FIG. 1 is a schematic cross-sectional view of a semiconductor device manufactured by a wire bonding method.

[Explanation of symbols]

1 ... Shield, 2 ... Substrate electrode, 3 ... Substrate, 4 ... Gold wire wiring, 5 ... Aluminum electrode, 6 ... IC chip, 7 ... Die bond resin, 8 ... Low dielectric loss tangent resin cured product, 9 ... Epoxy resin cured product.

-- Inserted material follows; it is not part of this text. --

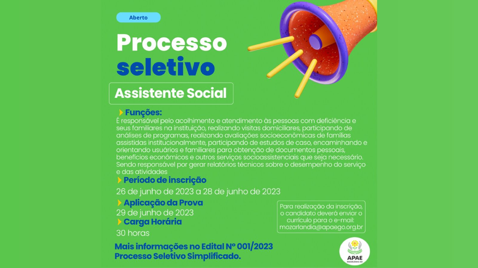 A APAE Mozarlândia informa que está com processo seletivo em aberto para contratação de Assistente Social, para maiores informações os interessados deverão consultar o edital 01/2023: Processo Seletivo Simplificado 26 de junho de 2023.

─────────────────────────────────────────────────── ─── Continuation of the front page (51) Int.Cl. ⁷ Identification code FI Theme Coat (reference) H01L 23/31 (72) Inventor Keiro Ishikawa 7-1 Omika-cho, Hitachi-shi, Ibaraki Stock company Hitachi, Ltd. Hitachi Research Laboratory (72) Inventor Takao Miwa 7-1, Omika-cho, Hitachi City, Ibaraki Prefecture Hitachi Ltd. Hitachi Research Laboratory's F-term (reference) 4J011 PA03 PA07 PA15 PB22 PC02 PC08 4J026 AA45 AA68 AB44 BA45 DB05 DB11 DB13 FA09 GA06 4M109 AA01 BA03 CA02 DB09 EA01 EB11 EC07 5G305 AA07 AB10 BA12 BA13 BA15 CA02 CA07 CA08 CA26 CC01 CC02 CC03 CC12 CC14 CD01

Claims (9)

[Claims] 1. A general formula: (However, R is a hydrocarbon skeleton which may have a substituent,
R1 is any one of hydrogen, methyl, and ethyl, m is an integer of 1 to 4, and n is an integer of 2 or more), and includes a cross-linking component having a plurality of styrene groups. A low dielectric loss tangent resin composition containing at least one of the agents and having fluidity at room temperature. 2. The low dielectric loss tangent resin composition according to claim 1, wherein the cross-linking component is liquid at room temperature and the high molecular weight substance is liquid. 3. The low dielectric constant according to claim 2, wherein the high molecular weight substance is a resin containing at least one selected from butadiene, a polymer containing an acrylate ester, and a polysiloxane which may have a substituent. Tangent resin composition. 4. The filler has an average particle size of 0.1 to 100 μm.
The low dielectric loss tangent resin composition according to claim 1, containing at least one selected from magnesium hydroxide, aluminum hydroxide, titanium oxide, silicon oxide, borosilicate glass, aluminum borate, and carbon. 5. The low dielectric loss tangent resin composition according to claim 1, comprising at least one of a curing catalyst capable of polymerizing and crosslinking a styrene group, and a polymerization inhibitor suppressing polymerization and crosslinking of a styrene group. 6. The total amount of the resin components is 100 parts by weight, the curing catalyst is 0.0005 to 10 parts by weight, and the polymerization inhibitor is 0.0.
The low dielectric loss tangent resin composition according to claim 5, comprising 005 to 5 parts by weight. 7. A cured product obtained by curing the low dielectric loss tangent resin composition according to any one of claims 1 to 6. 8. An insulator obtained by curing the low dielectric loss tangent resin composition according to any one of claims 1 to 6. 9. A semiconductor device using a cured product of the low dielectric loss tangent resin composition according to claim 1 as an insulator.